OpenAIError
openai.OpenAIError (fine-tuning job failure)
Stack trace
openai.OpenAIError: Fine-tuning job failed: insufficient training examples provided. Minimum required examples not met.
Why it happens
OpenAI fine-tuning requires a minimum number of labeled training examples to create a reliable model. If the uploaded dataset contains fewer examples than the minimum threshold, the fine-tuning job is rejected with this error.
Detection
Check the number of training examples in your fine-tuning dataset before submitting the job; log the dataset size and validate it meets OpenAI's minimum requirements.
Causes & fixes
Training dataset contains fewer examples than OpenAI's minimum required for fine-tuning.
Add more labeled examples to your training dataset to meet or exceed the minimum example count specified by OpenAI.
Dataset file uploaded to OpenAI is empty or corrupted, resulting in zero usable examples.

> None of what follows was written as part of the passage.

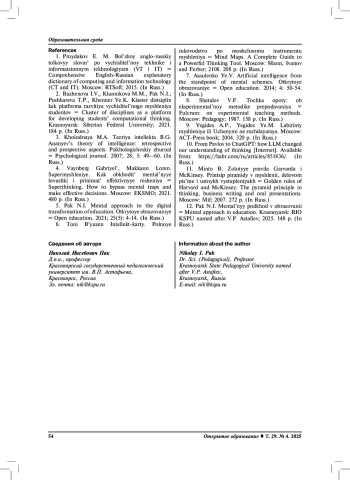 Заключение. Предложенная ментальная таксономия учебных целей определяет вектор направления цифровой трансформации образования для достижения главного результата – вычислительного мышления. Этапность формирования и качество вычислительного мышления определяется сформированностью набора универсальных когнитивных операций, объемом и содержанием ментальных образов, ментальных схем и ментальных моделей предметной области.

Verify the dataset file content and format before upload; ensure it is not empty and follows OpenAI's JSONL fine-tuning format.

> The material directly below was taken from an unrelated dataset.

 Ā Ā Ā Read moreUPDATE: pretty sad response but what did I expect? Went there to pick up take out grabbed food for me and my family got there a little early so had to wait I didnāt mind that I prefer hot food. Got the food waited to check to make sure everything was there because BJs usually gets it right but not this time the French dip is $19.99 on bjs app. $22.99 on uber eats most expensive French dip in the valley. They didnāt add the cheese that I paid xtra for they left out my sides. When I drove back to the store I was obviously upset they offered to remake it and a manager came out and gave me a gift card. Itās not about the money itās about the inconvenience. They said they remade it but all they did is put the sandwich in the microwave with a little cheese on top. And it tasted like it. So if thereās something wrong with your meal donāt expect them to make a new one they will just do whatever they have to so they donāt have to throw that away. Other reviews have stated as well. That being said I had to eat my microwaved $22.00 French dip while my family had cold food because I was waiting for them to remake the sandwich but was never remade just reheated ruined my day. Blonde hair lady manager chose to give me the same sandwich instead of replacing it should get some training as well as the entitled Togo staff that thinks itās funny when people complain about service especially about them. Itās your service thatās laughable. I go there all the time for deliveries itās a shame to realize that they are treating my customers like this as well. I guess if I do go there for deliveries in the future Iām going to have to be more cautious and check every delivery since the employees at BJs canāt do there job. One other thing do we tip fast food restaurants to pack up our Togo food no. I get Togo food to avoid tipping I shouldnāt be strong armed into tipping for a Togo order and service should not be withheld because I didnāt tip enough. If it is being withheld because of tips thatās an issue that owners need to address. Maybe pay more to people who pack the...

Incorrect file uploaded (e.g., validation or test set instead of training set).
Confirm you are uploading the correct training dataset file for fine-tuning, not validation or test data.
Code: broken vs fixed
from openai import OpenAI
import os
client = OpenAI(api_key=os.environ["OPENAI_API_KEY"])
# This dataset has too few examples, causing the error
training_file_id = "file-abc123"
response = client.fine_tunes.create(training_file=training_file_id) # Triggers insufficient examples error
print(response) from openai import OpenAI
import os
client = OpenAI(api_key=os.environ["OPENAI_API_KEY"])
# Use a training file with sufficient examples
training_file_id = "file-valid123"
response = client.fine_tunes.create(training_file=training_file_id) # Fixed: dataset has enough examples
print(response) Workaround
If you cannot immediately add more examples, consider using a smaller base model or pre-trained model without fine-tuning until you gather sufficient training data.
Prevention
Always validate your training dataset size and format before uploading to OpenAI; automate checks to ensure minimum example counts are met to avoid job failures.